#### Task input
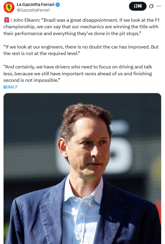 法拉利上一周在巴林WEC赛场上迎来大丰收,F1车队在巴西则遭遇双退,冰火两重天。法拉利主席约翰-埃尔坎措辞很强硬:
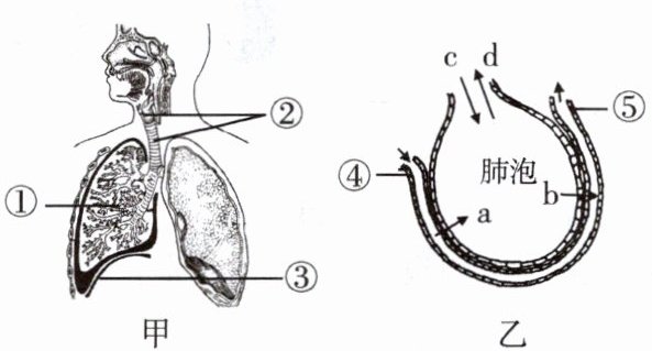 (3)图乙所示的外界气体按照c方向进入肺泡时,图甲中③应处于
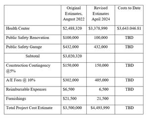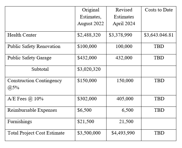 In August 2022, the cost estimate for the three-part project was $3,500,000 - $2,488,320 for the Health Center building, $100,000 to renovate the Public Safety space in the Municipal Building, and $432,000 for the up-island Public Safety Garage. In March 2024, once construction had begun, the Health Center budget was increased by $866,332 to $3,378,990, for a total MBP cost of $4,493,990. The final costs of the MBP will be known once the up-island garage has been built and the space for Public Safety in the Municipal Building has been renovated.
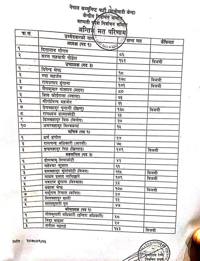 निर्वाचन समितिका अनुसार उपाध्यक्षमा रूपा मर्हजन, रामप्रसाद ढुंगाना र प्रेम बहादुर पुलामी चयन भएका छन्। सचिवमा इन्द्रबहादुर थिङ तथासहसचिवमा दलबहादुर बुर्लाकोटी, माधवप्रसाद लामिछाने र प्रकाश श्रेष्ठ निर्वाचित भएका छन् । कोषाध्यक्षमा संगिता भट्टराई निर्वाचित भएकी छिन्।
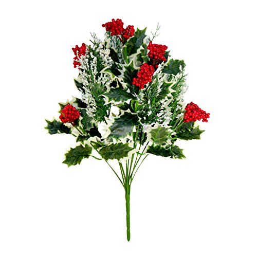 Christmas Holly Bush with Berries 16 Inch Set of 6

#### Aim of the task
Retype the whole listing above exactly as written. Skip the pictures.

#### Task answer
 法拉利上一周在巴林WEC赛场上迎来大丰收,F1车队在巴西则遭遇双退,冰火两重天。法拉利主席约翰-埃尔坎措辞很强硬:
 (3)图乙所示的外界气体按照c方向进入肺泡时,图甲中③应处于
 In August 2022, the cost estimate for the three-part project was $3,500,000 - $2,488,320 for the Health Center building, $100,000 to renovate the Public Safety space in the Municipal Building, and $432,000 for the up-island Public Safety Garage. In March 2024, once construction had begun, the Health Center budget was increased by $866,332 to $3,378,990, for a total MBP cost of $4,493,990. The final costs of the MBP will be known once the up-island garage has been built and the space for Public Safety in the Municipal Building has been renovated.
 निर्वाचन समितिका अनुसार उपाध्यक्षमा रूपा मर्हजन, रामप्रसाद ढुंगाना र प्रेम बहादुर पुलामी चयन भएका छन्। सचिवमा इन्द्रबहादुर थिङ तथासहसचिवमा दलबहादुर बुर्लाकोटी, माधवप्रसाद लामिछाने र प्रकाश श्रेष्ठ निर्वाचित भएका छन् । कोषाध्यक्षमा संगिता भट्टराई निर्वाचित भएकी छिन्।
 Christmas Holly Bush with Berries 16 Inch Set of 6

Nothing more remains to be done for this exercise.